LIMIT keyword on MySQL with prepared statement [duplicate]

Solution 1:

Here's the problem:

$comments = $db->prepare($query); 
/* where $db is the PDO object */ 
$comments->execute(array($post, $min, $max));

The manual page for PDOStatement::execute() says (emphasis mine):

Parameters

input_parameters An array of values with as many elements as there are bound parameters in the SQL statement being executed. All values are treated as PDO::PARAM_STR.

Thus your parameters are getting inserted as strings, so the final SQL code looks like this:

LIMIT '0', '10'

This is a particular case where MySQL will not cast to number but trigger a parse error:

mysql> SELECT 1 LIMIT 0, 10;
+---+
| 1 |
+---+
| 1 |
+---+
1 row in set (0.00 sec)

mysql> SELECT 1 LIMIT '0', '10';
ERROR 1064 (42000): You have an error in your SQL syntax; check the manual that corresponds to your MySQL server version for the right syntax to use near ''0', '10'' at line 1

What docs have to say:

The LIMIT clause can be used to constrain the number of rows returned by the SELECT statement. LIMIT takes one or two numeric arguments, which must both be nonnegative integer constants, with these exceptions:

  • Within prepared statements, LIMIT parameters can be specified using ? placeholder markers.

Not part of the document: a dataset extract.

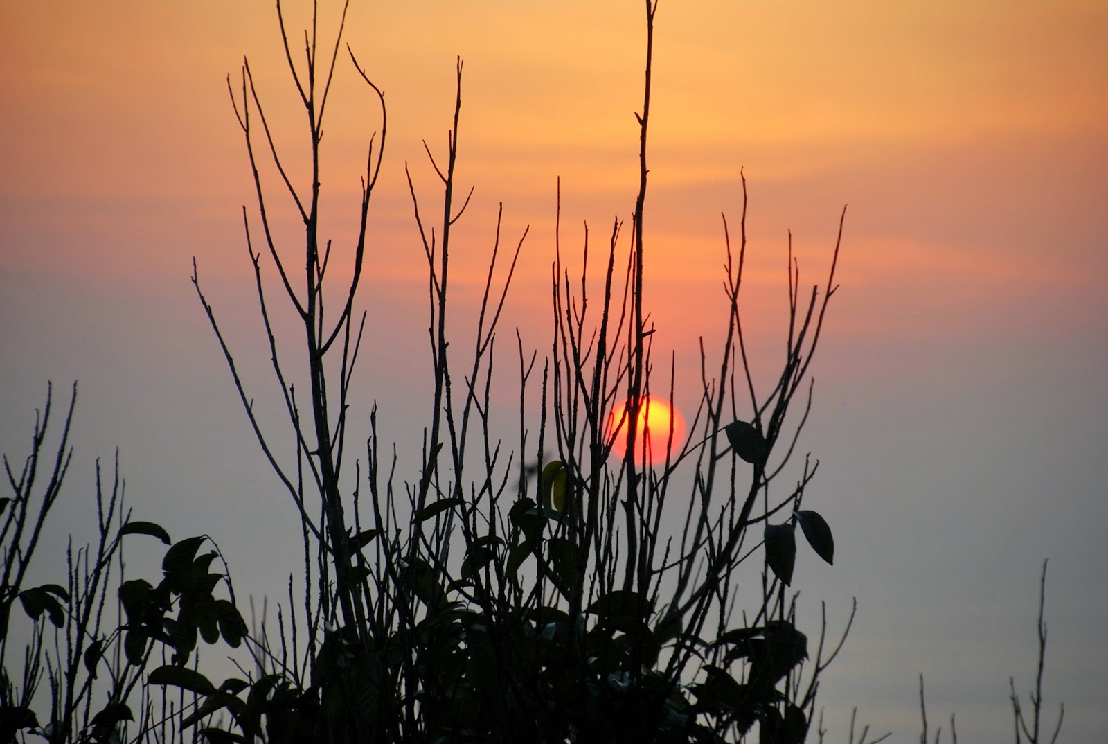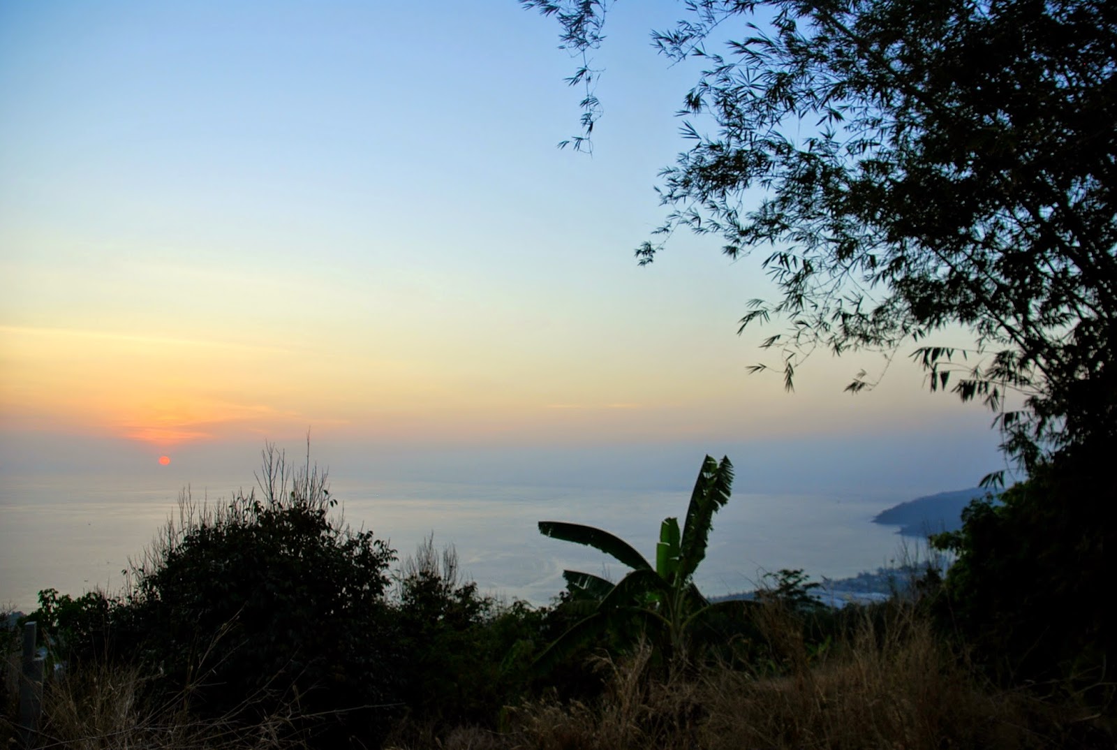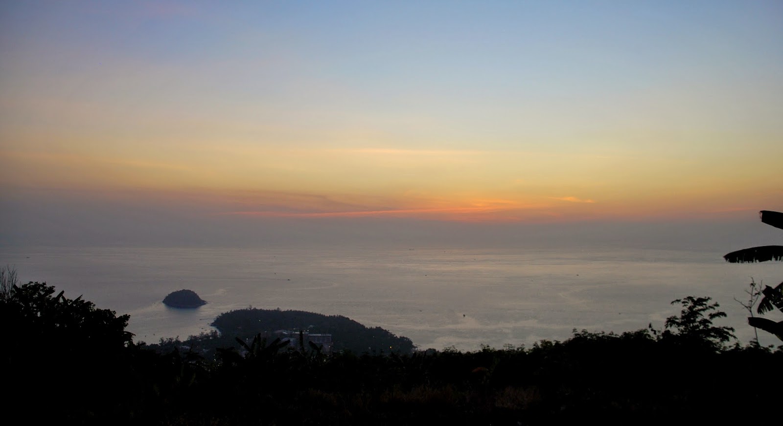 Die Sonne geht hier relativ früh unter, das wusste ich. Als ich auf mein Handy schaute, um mir das anzeigen zu lassen, war ich überrascht. Ich hatte nur noch 20 Minuten und ich war doch noch ein ganzes Stück entfernt. Schnell packte ich meine Sachen zusammen und eilte zu meinem Mofa. Der Weg zum Nakkerd Hill hinauf ist kurvig, steil und es befinden sich sehr viele „Speed bumps“ auf dem Weg. Man muss sehr vorsichtig fahren, da ich aber in Eile war, hielt ich mich nicht ganz daran. Ich beschleunigte, bremste kurz vor einer Bodenschwelle hab, um danach direkt wieder zu beschleunigen. Die Sonne war schon sehr tief, aber ich wollte es unbedingt rechtzeitig schaffen. Oben an der Big Buddha Staute angekommen, stellte ich mein Mofa ab und eilte zur Aussichtsplattform, um dann festzustellen, dass diese vollkommen leer war. Den Sonnenuntergang konnte man nur von der anderen Seite betrachten, also schnell wieder zurück zum Mofa und auf der Landstraße den Berg etwas herunter. Ich stellte mein Mofa ab und fotografierte durch Gebüsch und Bäume, wie die Sonne langsam im Meer versank, Ich hatte es noch rechtzeitig geschafft. Was für ein Nervenkitzel. Nachdem ich meine Fotos gemacht hatte, fuhr ich noch ein bisschen weiter. Auf der Strecke sind mehrere sehr einfache Bars und Restaurants, von denen man den Sonnenuntergang sehr gut sehen kann. Bei der ersten Bar, die ich sah, hielt ich an. Von hier oben hat man einen wundervollen Ausblick über die Chalong Bucht und Karon. Der Himmel färbte sich in den tollsten Farben und man sah, wie die Lichter im Tal langsam angehen. Auch auf See gehen die Lichter der Boote an.

  • Within stored programs, LIMIT parameters can be specified using integer-valued routine parameters or local variables.

Your choices include:

  • Bind parameters one by one so you can set a type:

    $comments->bindParam(1, $post, PDO::PARAM_STR);
    $comments->bindParam(2, $min, PDO::PARAM_INT);
    $comments->bindParam(3, $min, PDO::PARAM_INT);
    
  • Do not pass those values as parameters:

    $query = sprintf('SELECT id, content, date
        FROM comment
        WHERE post = ?
        ORDER BY date DESC
        LIMIT %d, %d', $min, $max);
    
  • Disable emulated prepares (the MySQL driver has a bug/feature that will make it quote numeric arguments):

    $db->setAttribute(PDO::ATTR_EMULATE_PREPARES, FALSE);
    

Solution 2:

You can declare a specific attribute to resolve the problem.

$dbh->setAttribute( PDO::ATTR_EMULATE_PREPARES, false );

The other answer illustrates how it works. PDO just emulates prepares by default, and as you are binding your variables silently, without setting a type, PDO treats them as strings by default. Strings in SQL have to be quoted and escaped - thus you have quotes in your LIMIT clause and a syntax error. While when native prepared statements are used, a database can manage to sort out the appropriate type.